Supplied data Block Start

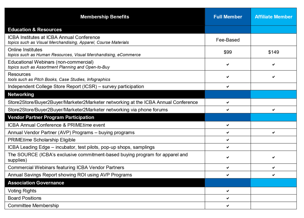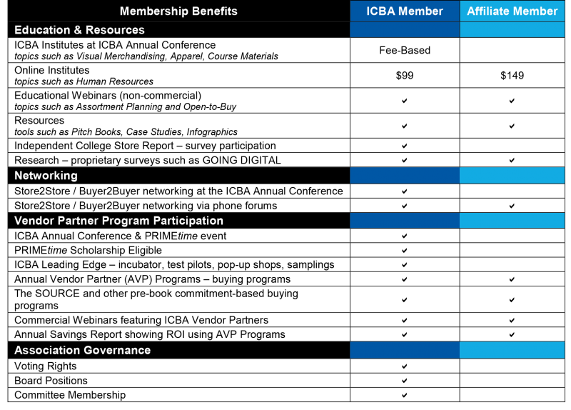 ICBA Annual Vendor Partner Programs provide advantageous group pricing to save stores money and improve their operations. As a solution for stores looking primarily for advantageous buying programs, ICBA has created an Affiliate Membership. To determine which Membership Category best meets your store’s needs, see the chart below or contact the ICBA Staff at 800-888-9222 or Office@ICBAinc.com.
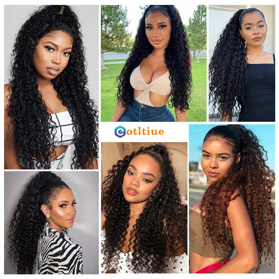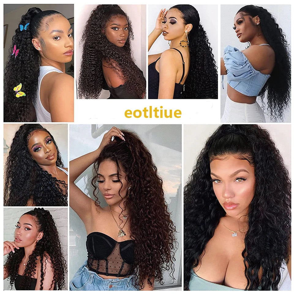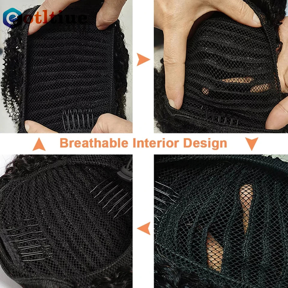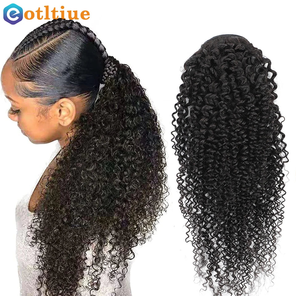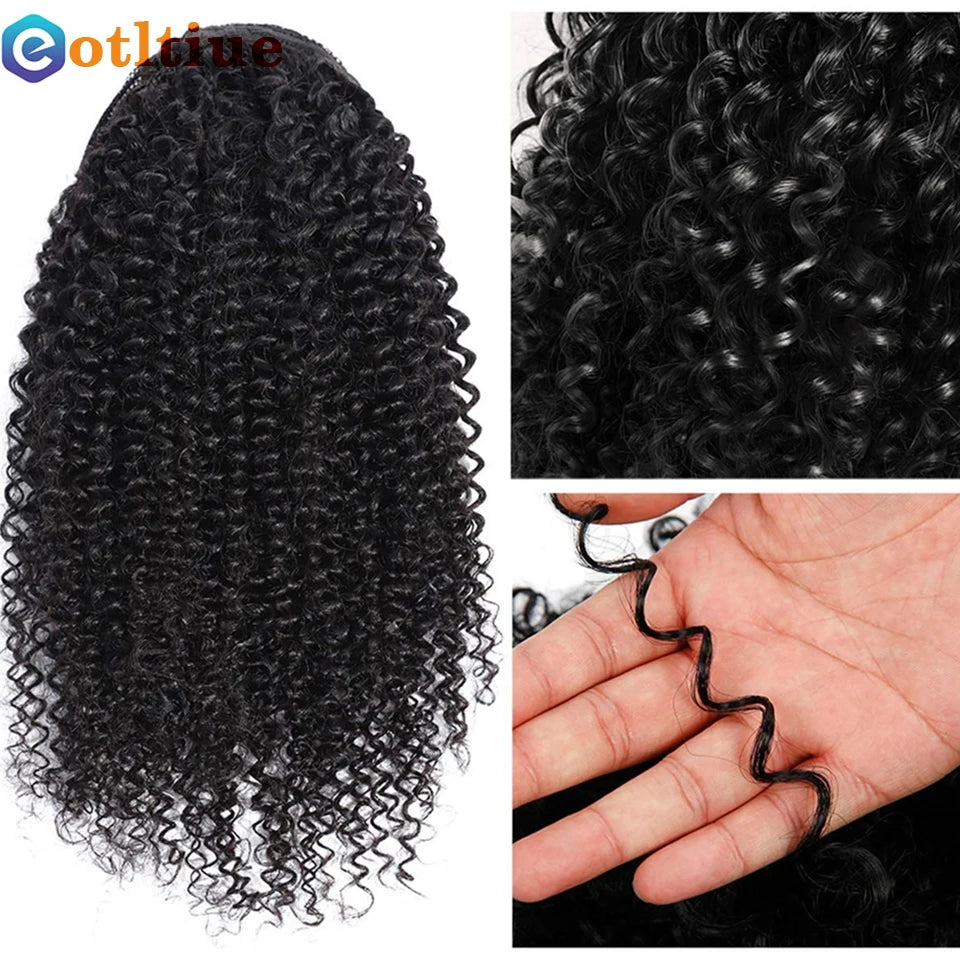 Kinky Curly Hair Extensions Drawstring Puff Ponytail Brazilian Real Human
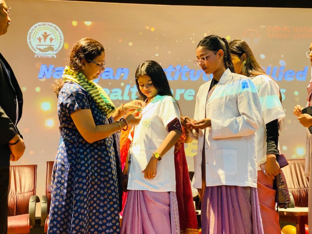 डेहरी-आन-सोन (रोहतास)- विशेष संवाददाता। गोपाल नारायण सिंह विश्वविद्यालय परिसर स्थित नारायण इंस्टीट्यूट ऑफ एलाइड एंड हेल्थकेयर साइंसेज (एनआईएएचएस) में 2024 बैच के छात्रों द्वारा नवप्रवेशित विद्यार्थियों के स्वागत में फ्रेशर पार्टी, बैज सेरेमनी एवं शपथ ग्रहण समारोह का भव्य आयोजन किया गया। कार्यक्रम उत्साह, गरिमा और शैक्षणिक वातावरण के बीच संपन्न हुआ।
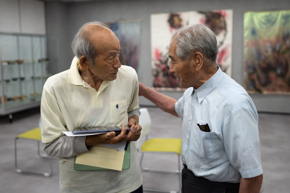 8月10日,在日本长野县饭田市和平祈念馆举行的第35次“为了和平的信州战争展”上,清水英男(右)与日本民间和平团体“为了和平的信州战争展实行委员会”前会长久保田昇交谈。新华社记者张笑宇摄
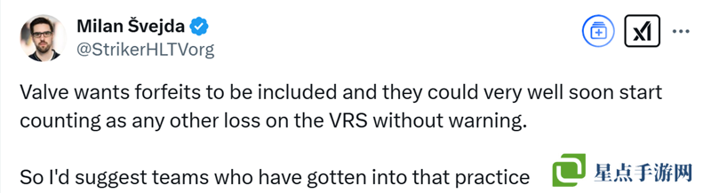 日前HLTV編輯Striker在社交平臺(tái)上透露,V社有意將棄賽納入VRS考量當(dāng)中。
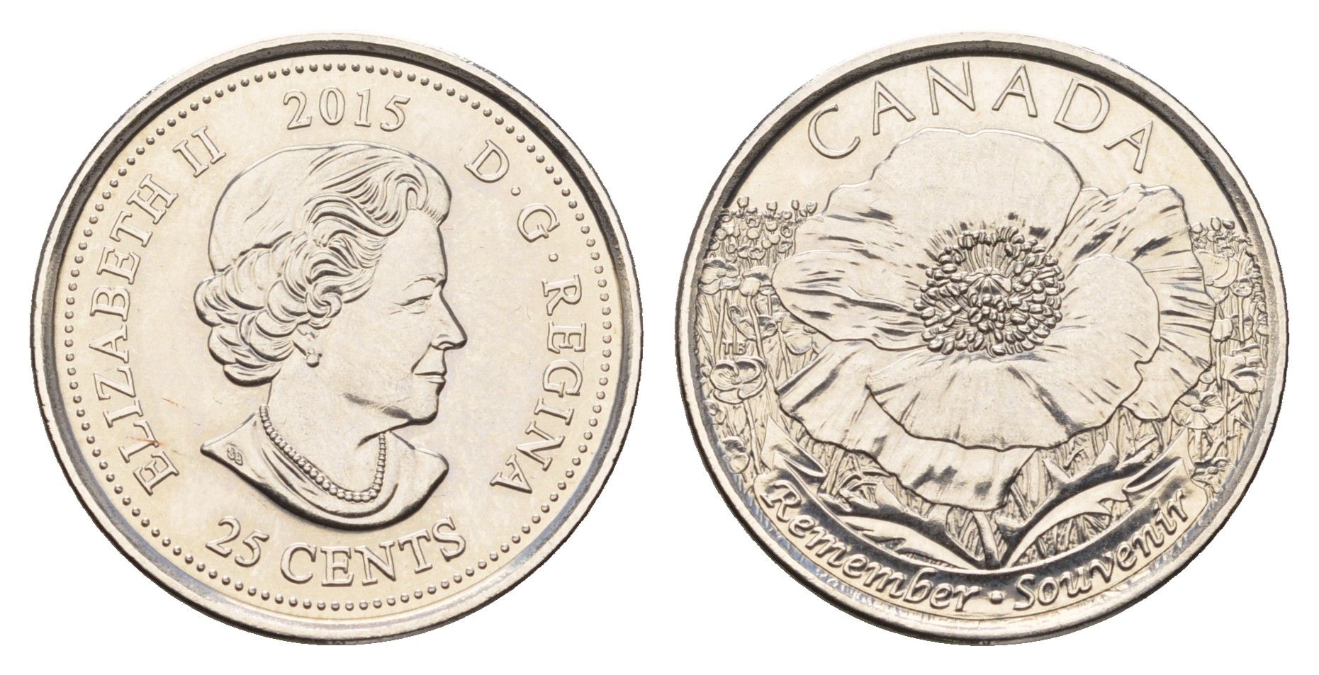 Канада 25 центов 2015 100 лет стихотворению "На полях Фландрии" KM 1852.1 сталь плакированная никелем UNC 110-421
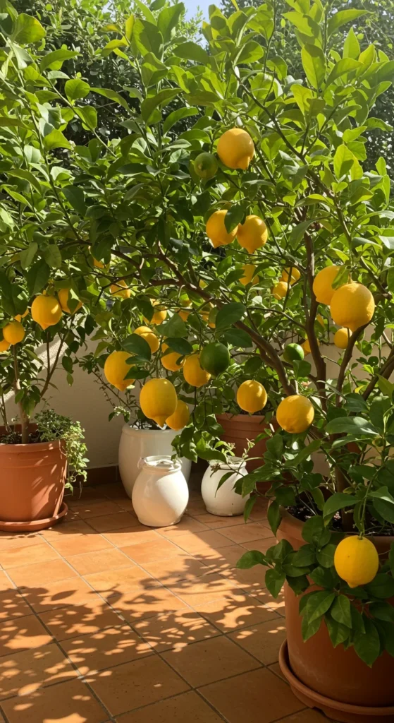 Citrus trees thrive in large containers. Lemons, limes, or mandarins can grow on patios or balconies. Move them indoors in cooler months for year-round fruit.

Supplied data Block End

## What to produce
Quote, please, only the lines running from the one with "8月10日,在日本长野县饭田" down to the final line of the data above, keeping both ends and skipping the pictures.

## Exercise result
 8月10日,在日本长野县饭田市和平祈念馆举行的第35次“为了和平的信州战争展”上,清水英男(右)与日本民间和平团体“为了和平的信州战争展实行委员会”前会长久保田昇交谈。新华社记者张笑宇摄
 日前HLTV編輯Striker在社交平臺(tái)上透露,V社有意將棄賽納入VRS考量當(dāng)中。
 Канада 25 центов 2015 100 лет стихотворению "На полях Фландрии" KM 1852.1 сталь плакированная никелем UNC 110-421
 Citrus trees thrive in large containers. Lemons, limes, or mandarins can grow on patios or balconies. Move them indoors in cooler months for year-round fruit.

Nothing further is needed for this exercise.